## Problem to solve
When copying the data below, keep only the lines from the one with "Bronze à patine" through the one with "Elena Designs Wedding", word for word, and skip the pictures.
§
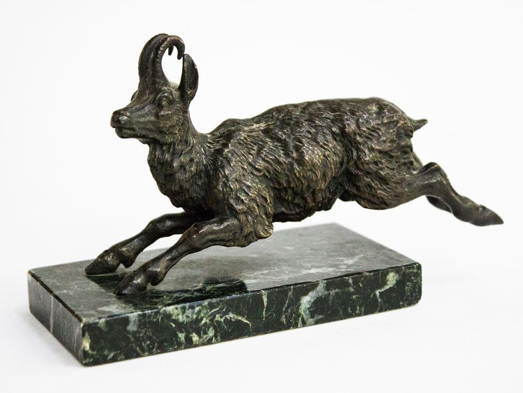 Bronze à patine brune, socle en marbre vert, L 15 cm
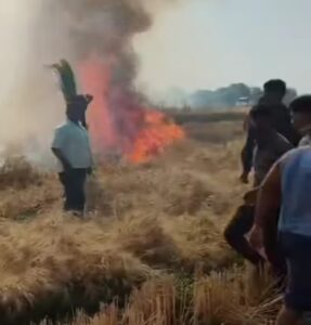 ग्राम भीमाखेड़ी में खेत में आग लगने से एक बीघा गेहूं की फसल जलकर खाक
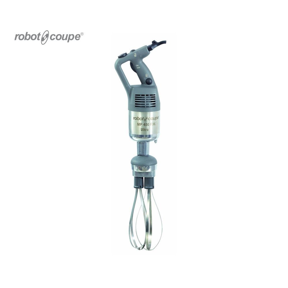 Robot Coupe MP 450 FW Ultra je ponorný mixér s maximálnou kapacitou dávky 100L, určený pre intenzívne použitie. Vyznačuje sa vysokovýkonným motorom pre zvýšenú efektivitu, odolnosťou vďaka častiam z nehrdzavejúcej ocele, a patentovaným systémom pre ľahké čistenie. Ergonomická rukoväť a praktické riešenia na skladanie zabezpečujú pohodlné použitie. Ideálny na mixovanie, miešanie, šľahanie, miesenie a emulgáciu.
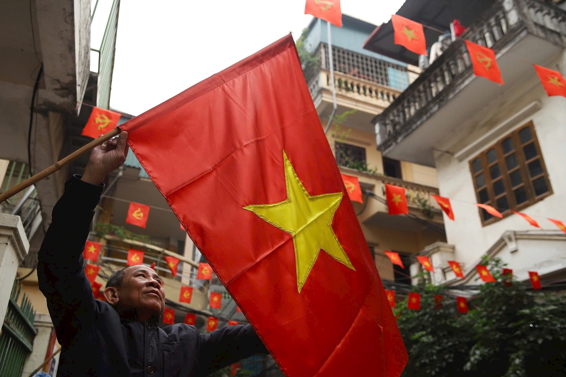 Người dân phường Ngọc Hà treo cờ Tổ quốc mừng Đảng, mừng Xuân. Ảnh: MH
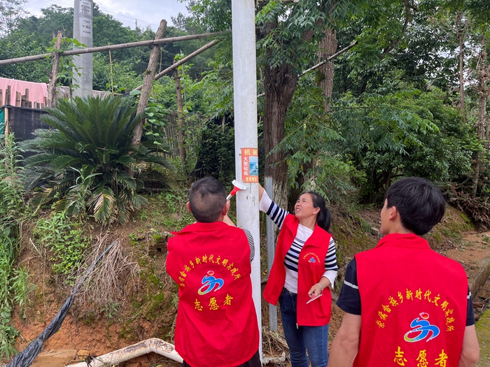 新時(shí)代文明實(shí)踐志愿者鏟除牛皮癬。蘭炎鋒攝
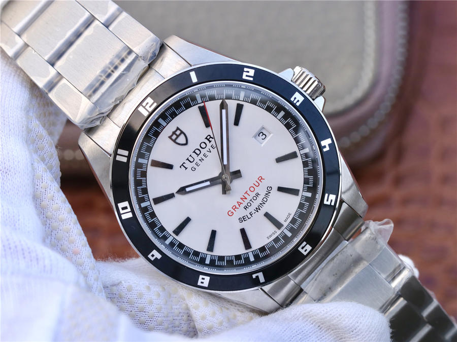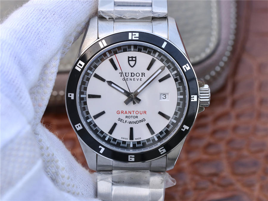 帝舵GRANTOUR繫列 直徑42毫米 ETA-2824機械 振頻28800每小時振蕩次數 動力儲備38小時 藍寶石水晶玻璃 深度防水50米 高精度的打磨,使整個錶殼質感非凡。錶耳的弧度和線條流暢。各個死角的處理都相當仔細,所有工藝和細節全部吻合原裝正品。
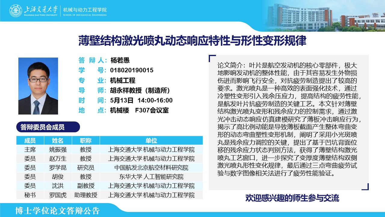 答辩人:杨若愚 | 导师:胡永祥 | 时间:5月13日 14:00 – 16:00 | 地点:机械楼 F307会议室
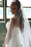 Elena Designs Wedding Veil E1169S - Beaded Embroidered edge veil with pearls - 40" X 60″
§
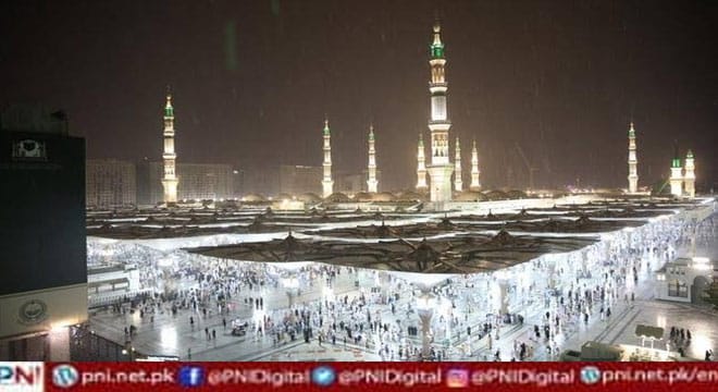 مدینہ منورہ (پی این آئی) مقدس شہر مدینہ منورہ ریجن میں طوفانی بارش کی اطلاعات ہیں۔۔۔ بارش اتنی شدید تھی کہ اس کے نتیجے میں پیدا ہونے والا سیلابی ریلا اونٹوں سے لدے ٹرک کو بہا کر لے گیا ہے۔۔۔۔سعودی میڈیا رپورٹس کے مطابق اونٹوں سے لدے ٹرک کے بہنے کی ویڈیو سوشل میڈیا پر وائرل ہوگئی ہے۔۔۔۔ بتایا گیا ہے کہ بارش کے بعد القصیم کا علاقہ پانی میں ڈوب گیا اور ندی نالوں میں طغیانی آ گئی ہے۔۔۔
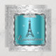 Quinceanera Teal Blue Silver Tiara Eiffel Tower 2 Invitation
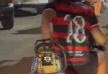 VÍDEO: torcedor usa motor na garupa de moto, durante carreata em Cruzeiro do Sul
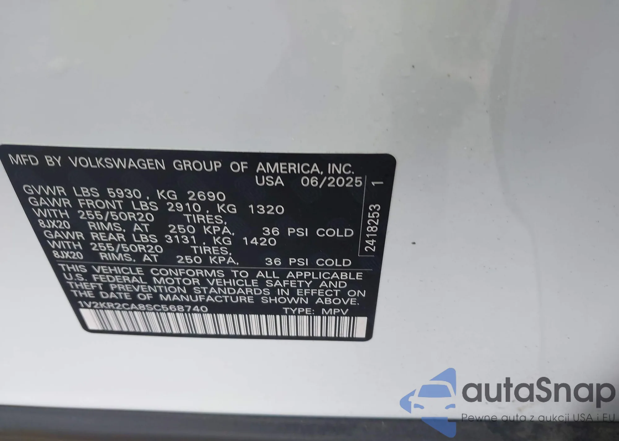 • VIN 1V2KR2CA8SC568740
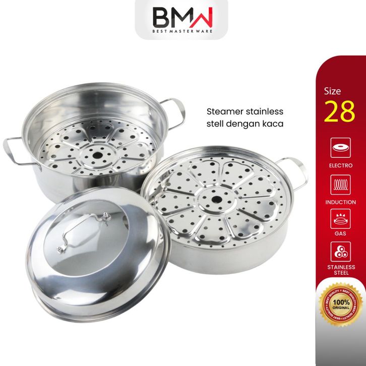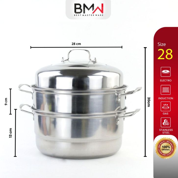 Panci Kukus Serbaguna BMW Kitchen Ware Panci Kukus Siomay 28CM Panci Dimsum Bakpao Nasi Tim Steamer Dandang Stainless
§
## Solution to the exercise
 Bronze à patine brune, socle en marbre vert, L 15 cm
 ग्राम भीमाखेड़ी में खेत में आग लगने से एक बीघा गेहूं की फसल जलकर खाक
 Robot Coupe MP 450 FW Ultra je ponorný mixér s maximálnou kapacitou dávky 100L, určený pre intenzívne použitie. Vyznačuje sa vysokovýkonným motorom pre zvýšenú efektivitu, odolnosťou vďaka častiam z nehrdzavejúcej ocele, a patentovaným systémom pre ľahké čistenie. Ergonomická rukoväť a praktické riešenia na skladanie zabezpečujú pohodlné použitie. Ideálny na mixovanie, miešanie, šľahanie, miesenie a emulgáciu.
 Người dân phường Ngọc Hà treo cờ Tổ quốc mừng Đảng, mừng Xuân. Ảnh: MH
 新時(shí)代文明實(shí)踐志愿者鏟除牛皮癬。蘭炎鋒攝
 帝舵GRANTOUR繫列 直徑42毫米 ETA-2824機械 振頻28800每小時振蕩次數 動力儲備38小時 藍寶石水晶玻璃 深度防水50米 高精度的打磨,使整個錶殼質感非凡。錶耳的弧度和線條流暢。各個死角的處理都相當仔細,所有工藝和細節全部吻合原裝正品。
 答辩人:杨若愚 | 导师:胡永祥 | 时间:5月13日 14:00 – 16:00 | 地点:机械楼 F307会议室
 Elena Designs Wedding Veil E1169S - Beaded Embroidered edge veil with pearls - 40" X 60″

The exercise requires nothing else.